The issues and challenges faced by the people from North East India living in Delhi and NCR
and now in other mega cities like Bangalore, Hyderabad, Mumbai, and Pune has become a
national issue and debated widely. The institutions like Jawaharlal Nehru Universities, Delhi
University, Jamia, Indira Gandhi Open Universities and Tata Institute of Social Sciences,
Mumbai have conducted various research projects on the issues faced by the North East
Indian migrants.
Now, The S. K. Women College in collaboration with Human Rights Alert, Manipur taking
up the issues faced by the North East Indian communities is the need of the hour.

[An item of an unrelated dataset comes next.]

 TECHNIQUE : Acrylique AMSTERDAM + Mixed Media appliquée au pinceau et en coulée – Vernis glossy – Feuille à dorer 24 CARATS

The
findings and outcome of this seminar, could become the social actor and indicator for the law
enforcing agencies and government to make laws, policies and develop plan of action by
Central and respective governments.
North East Support Centre & Helpline conducted a research during January and February
2011 under the title, North East Migration and Challenges in National Capital Cities. The
report of the project was released on International Womens day on 8 March 2011 and copies
were made available for public access.
The study was carried out through field interviews, questionnaire and literature research
methodologies. The respondents are from two sources First, 107 respondents from field
interviews and questionnaire and second from 96 victims who have reported to North East
Support Centre and Helpline during 2005 2011.
The purpose of the study was to explore the trend of North East Indian migration and
challenges faced in Delhi and NCR through an academic research project. The study
recommended for law enforcing agents and concerned governments to introduce suitable
laws, policies, and plan of actions and implement them to end sexual violence, racial
discrimination, and challenges of human trafficking faced by North East India communities.

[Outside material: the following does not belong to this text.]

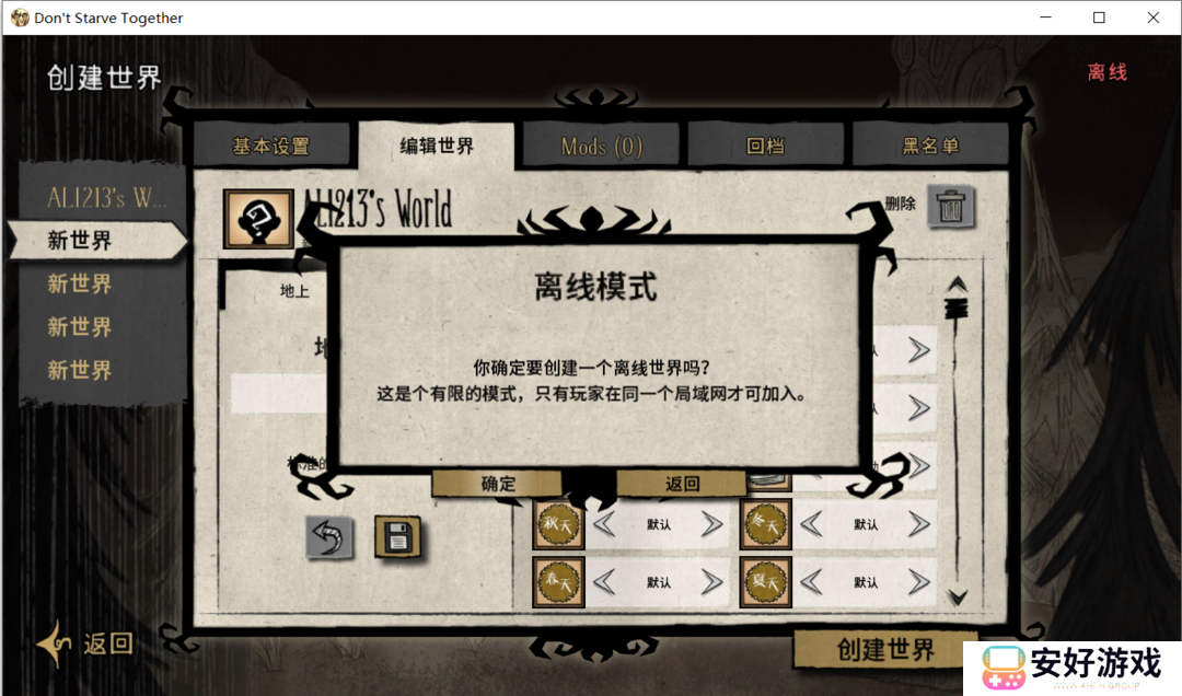 3、然后在打开“编辑世界”,生物群落选择 联机,其他的根据需要选择即可,另外,Mods也可以根据需求添加,和正常进入游戏一样。

THE NORTH EAST INDIA IN NATIONAL SCENARIO


The hate rumour against the people from North East India living in mega cities has caused the
panic among the entire North East communities and fled for life. The situation became worse
in spite of the repeated assurance by Indian parliament and state governments.
There are invisible communal forces behind the hate rumour. The intention of the invisible
communal forces was to defame the certain minority communities and provoke for a
communal clash among the different communities in India. The nation has witnessed similar
intentions in the past. The Hindutva forces planted bombs to defame Muslim communities.
Times of India reports that 20% of the hate rumour against the people from North East India
were posted in the blogs belong to Hindutva forces.The hate rumour has left a deep wound
that will remain unhealed for long time. There has been a massive social profiling and attack
on North East people for last many years. The government machineries were not able to stop,
the crimes increased, first in Delhi and NCR, now expanded to mega cities and all over the
country.
Delhi has become a rape and unsafe capital for women, particularly those working at night.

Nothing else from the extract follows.